When people are asked what the inflation rate is, apparently your gender is an important factor. Caroline Baum has the 411:

“That men and women occasionally see things differently is not a remarkable observation,” says Michael Bryan, economist at the Federal Reserve Bank of Cleveland. “But that the sexes could report vastly different perspectives on the rate at which prices are rising over a long period of time is astonishing.”
Bryan has studied decades of data on this battle of the sexes, using the University of Michigan Survey of Consumers, a joint survey conducted by the Cleveland Fed and Ohio State University among others. He found that demographics played a role in determining the public’s estimates and predictions of inflation.

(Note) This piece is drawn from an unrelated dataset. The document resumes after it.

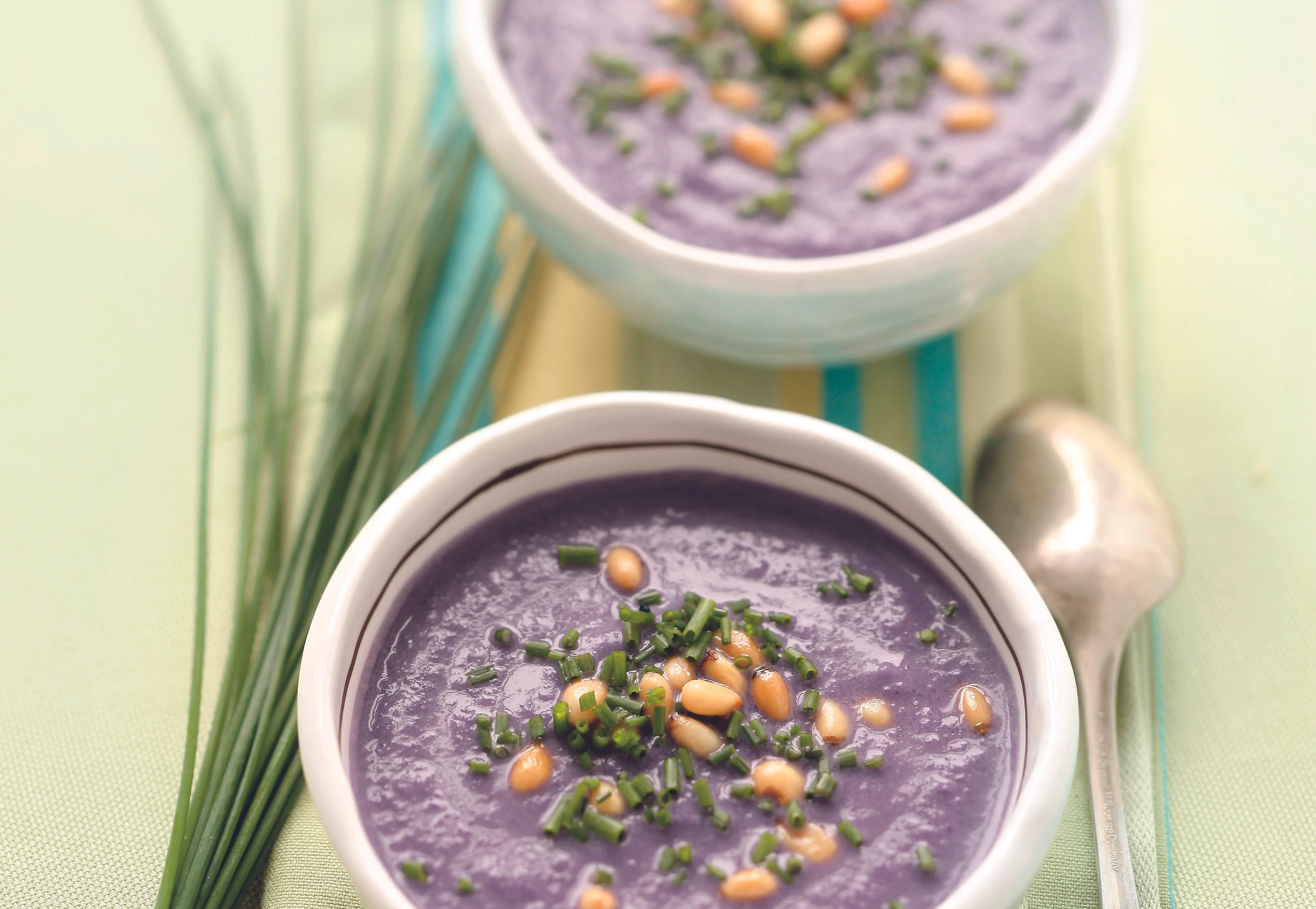 Rotkrautsuppe mit Pinienkernen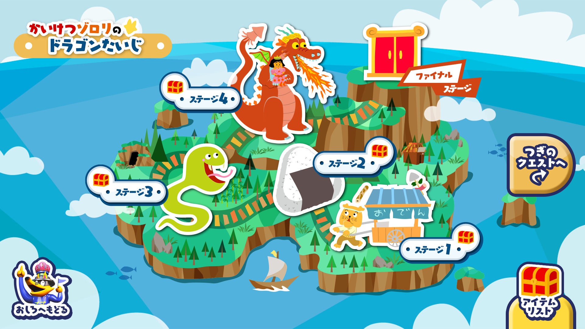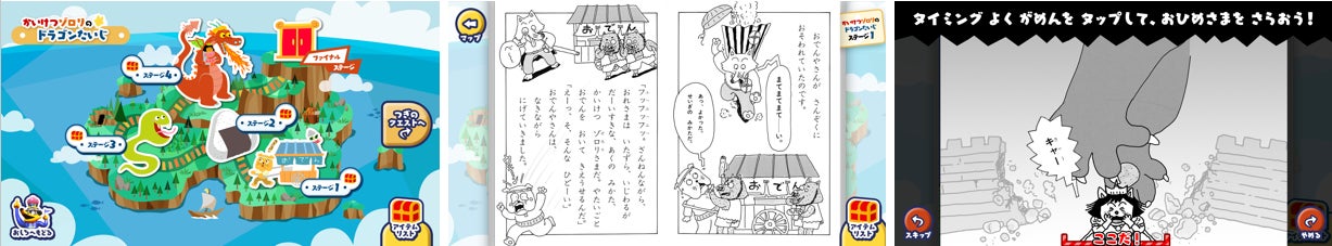 <リーディングクエスト>とは、『かいけつゾロリ』の電子書籍を読みながら、気になるところをタップしたり、ミニゲームをクリアすることで物語が進んでいく、デジタル時代の新しい読書体験コンテンツ!あちこちに遊べる仕掛けが施されたゾロリの原作本の魅力が、さらに進化。めいろ、パズル、タイミングゲームなどに加え、デジタルならではの演出で自分もゾロリと一緒に冒険している没入感を得ながら、オリジナルストーリーが展開されていく。第1ステージは、1987年に発売された記念すべき第1巻『かいけつゾロリのドラゴンたいじ』が舞台。新しいステージは毎月追加されていく予定。ゾロリたちと一緒に大冒険へ出かけよう!

Those who are rich, married, white and middle-aged have lower inflation perceptions and expectations than those who are poor, single, non-white and young. That seems almost intuitive: Society’s “haves” are better positioned to endure cost-of- living increases than the “have-nots.”
New View
Yet even after holding income, age, education, race and marital status constant, “men and women hold very different views on the rate at which prices are changing.” Bryan writes in a November 2001 commentary, “The Curiously Different Inflation Perspectives of Men and Women.” Women consistently think inflation is 1.9 percentage points higher than men, and they expect prices to rise 2.1 percentage points more than men.

Baum recommends that Bernanke should go to Tupperware parties. But how does she know he doesn’t?